The thing is, computers with SSDs feel about as fast as computers were with HDDs 12 years ago. Some apps still take 10 seconds or more to load on brand new hardware in 2021. There shouldn't be any random wait times in daily usage.
Sure, things have gotten more advanced, but it feels like the speed improvements of hardware are being used for bloat, rather than making computers even faster.
It seems computer performance stabilizes at a level that's acceptable to most people, I guess because beyond that there's no incentive to spend resources improving something that's acceptable.
I’d love find some hardware along with period-appropriate software and run tests to debunk or support your idea. I still just don’t buy it, but it’s hard to find quantitative evidence without just going out and trying it.

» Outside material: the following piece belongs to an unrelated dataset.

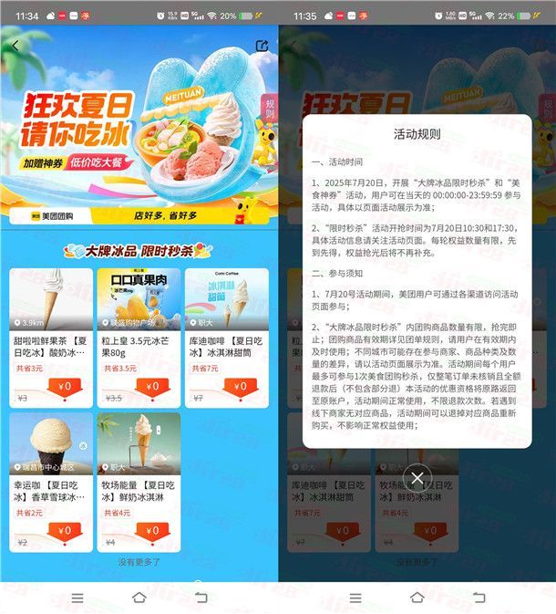 美团狂欢夏日活动0元吃冰淇淋、冰芒果 数量限量
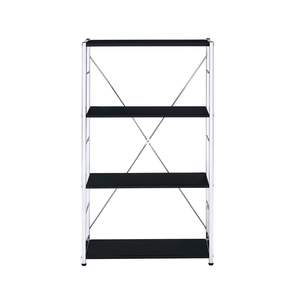 Rectangular BookshelfModern Concise Design Chrome Metal Frame X-Shape Cross Bar4 Tier Shelf Book Case

By the way, 10 seconds clocked on a stopwatch is a ridiculously long time. Almost no apps open that slowly, in 2009 or 2021.
You actually need 2x whatever you have if you want to still have it if the drive its in dies or the data is destroyed by malice or mischance. Say you have 3TB of data now and may acquire more later. Your cheapest SSD option I see for sale on newegg.com is 4TB for $322. Going all SSD all the time requires one to spend $644.
Storing the same data on a hard drive can be had for about $140. Now the SSD is much safer for your data, performs far better, and you absolutely ought to want the SSD but its not a small difference once you start talking about storing more than your OS. Spinning hard drives as OS drives ought to be completely dead by now but vendors are absolutely selling machines configured with them new in box all day every day. Seemingly more so on desktop or all in one models.
Why in the world would a modern operating system not optimize for SSDs?
I can’t think of a single reason to use a spinning drive on my computer. Almost every conceivable use case is better relegated to a separate NAS box.
You can get a 1TB PCIe nvme SSD rated at 3100Mbps read speeds for $125. Why would I chip off an order of magnitude of performance to save $40?